3.3 THE GAUSSIAN OPTICS OF A LENS SYSTEM
In 1841, Professor Carl Friedrich Gauss (1777–1855) published his famous treatise on optics (Dioptrische Untersuchungen) in which he demonstrated that, so far as paraxial rays are concerned, a lens of any degree of complexity can be replaced by its cardinal points, namely, two principal points and two focal points, where the distances from the principal points to their respective focal points are the focal lengths of the lens. Gauss realized that imagery of a rotationally symmetric lens system could be expressed by a series expansion where the first order provided the ideal or stigmatic image behavior and the third and higher orders were the aberrations. He left the computation of the aberrations to others.

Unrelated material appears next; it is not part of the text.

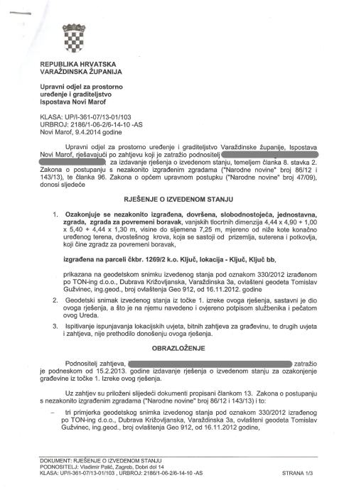 Novi Marof selo Ključ, zidana vikendica 50 m2 na zemljištu 800 m2. Prekrasna priroda i mir, samo 2km od izlaza sa autoceste Zagreb-Goričan. Struja i voda na zemljištu. Objekt je legaliziran (u priloženim fotografijama je rješenje o izvedenom stanju). Rješenje o izvedenom stanju (legalizacija objekta), zamjenjuje građevinsku i uporabnu dozvolu.

To understand the nature of these cardinal-point terms, we imagine a family of parallel rays entering the lens from the left in a direction parallel to the axis (Figure 3.8). A marginal ray such as A will, after passing through the lens, cross the axis in the image space at J, and so on down to the paraxial ray C, which crosses the axis finally at F2.
If the entering and emerging portions of all of these rays are extended until they intersect, we can construct an “equivalent refracting locus” as a surface of revolution about the lens axis, to contain all the equivalent refracting points for the entire parallel beam. The paraxial portion of this locus is a plane perpendicular to the axis and known as the principal plane, and the axial point itself is called the principal point, P2. The paraxial image point F2, which is conjugate to an axial object point located at infinity, is called the focal point, and the longitudinal distance from P2 to F2 is the posterior focal length of the lens, marked f 0.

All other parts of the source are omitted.